Scientologists also attacked CNN’s ratings and that of Anderson Cooper, as well as the guests that appeared during the week-long series. Apart from releasing the magazine, some members of The Church of Scientology went to hand out copies of the magazine in front of CNN’s Manhattan office.

Cooper And CNN’s Reply 

After the series aired, CNN disclosed lawyers from the Church of Scientology had contacted them. Also, Cooper revealed he got multiple emails from church members accusing him of attacking the church and their beliefs. 

Anderso Cooper CNN
Image: Pinterest

The News Anchor explained that most of the emails were very similar in content, like an organized email campaigns. On his blog, where he announced the series Cooper declared that the series was not about the notions or the actions of the Church of Scientology; it was about past high-ranking members who wished to discuss what happened to them.

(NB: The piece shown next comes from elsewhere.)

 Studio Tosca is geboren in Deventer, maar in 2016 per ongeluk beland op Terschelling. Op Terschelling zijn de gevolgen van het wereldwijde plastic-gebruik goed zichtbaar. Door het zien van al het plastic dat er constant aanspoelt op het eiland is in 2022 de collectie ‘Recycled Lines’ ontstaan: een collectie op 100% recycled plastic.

Cooper Had Investigated The Church Before

Apart from the 2010 incident, Cooper had investigated the Church of Scientology on two occasions. In 2005 the news anchor investigated a New Mexico vault marked with mysterious symbols. According to a former Scientologist interviewed in a 2005 show, the mysterious symbols were best viewed from the heavens.

It was designed to show the location of one of the vaults that safeguarded the technology of the church founder L.Ron Hubbard. 

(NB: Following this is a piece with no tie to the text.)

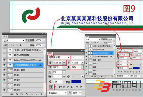 9、 然后在如圖9所示位置放上自己公司名稱,字體大小如圖中所示,或者根據自己公司名稱長短靈活設置字體大小、顏色、字符間距、英文名稱字體大小等等。

The Church of Scientology founder L.Ron Hubbard. 
Image: Pinterest

In 2018 Cooper utilized a video of Tom Cruise, an attached Scientologist, talking about the Church to criticize the religion. Cooper’s correspondent also interviewed a former member of the church who disclosed strange symbols and acronyms associated with the faith. 

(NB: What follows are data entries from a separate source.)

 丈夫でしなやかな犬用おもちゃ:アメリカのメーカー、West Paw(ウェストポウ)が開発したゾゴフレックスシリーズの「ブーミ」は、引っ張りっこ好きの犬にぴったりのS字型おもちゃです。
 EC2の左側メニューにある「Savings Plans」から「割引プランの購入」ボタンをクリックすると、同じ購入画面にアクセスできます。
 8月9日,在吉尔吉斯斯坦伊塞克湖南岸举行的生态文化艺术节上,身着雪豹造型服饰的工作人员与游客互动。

The News Anchor’s specific interest and conflict with the Church of Scientology is alleged to be more than just a journalist doing his job. Cooper’s feud with the Church is personal and related to the founder L. Ron Hubbard who hated his son Quentin for being gay. 

The former subsequently committed suicide in 1976 due to his father’s massive crusade against homosexuality and mental health. Understandably, Cooper, who himself is gay, might disagree with a church that claims to heal homosexuality. Also, the church forbids its members to talk about mental health or seek therapy. 

The Church of Scientology vs BBC and ST. Petersburg Times 

The Church of Scientology’s supersession tactics against CNN and Cooper was not the first they would be embroiled in a battle with journalists or news media. 

In 2010 they hired highly rated reporters to investigate the St. Petersburg Times after the newspaper released a story about their secretive religion. 

Also, in 2007 BBC reporter John Sweeney cried out after the Church attacked him multiple times. He had filmed a panorama film “Scientology and Me,” which investigated the religion’s beliefs and activities. Sweeney’s hotel was invaded at midnight, he was called a bigot, and some people even called his mother-in-law. 

Cooper Looks To Have Moved On From The Feud 

Anderson Cooper and Scientologists have avoided each other since their spat in 2010. The news anchor has since become a father to two adorable sons.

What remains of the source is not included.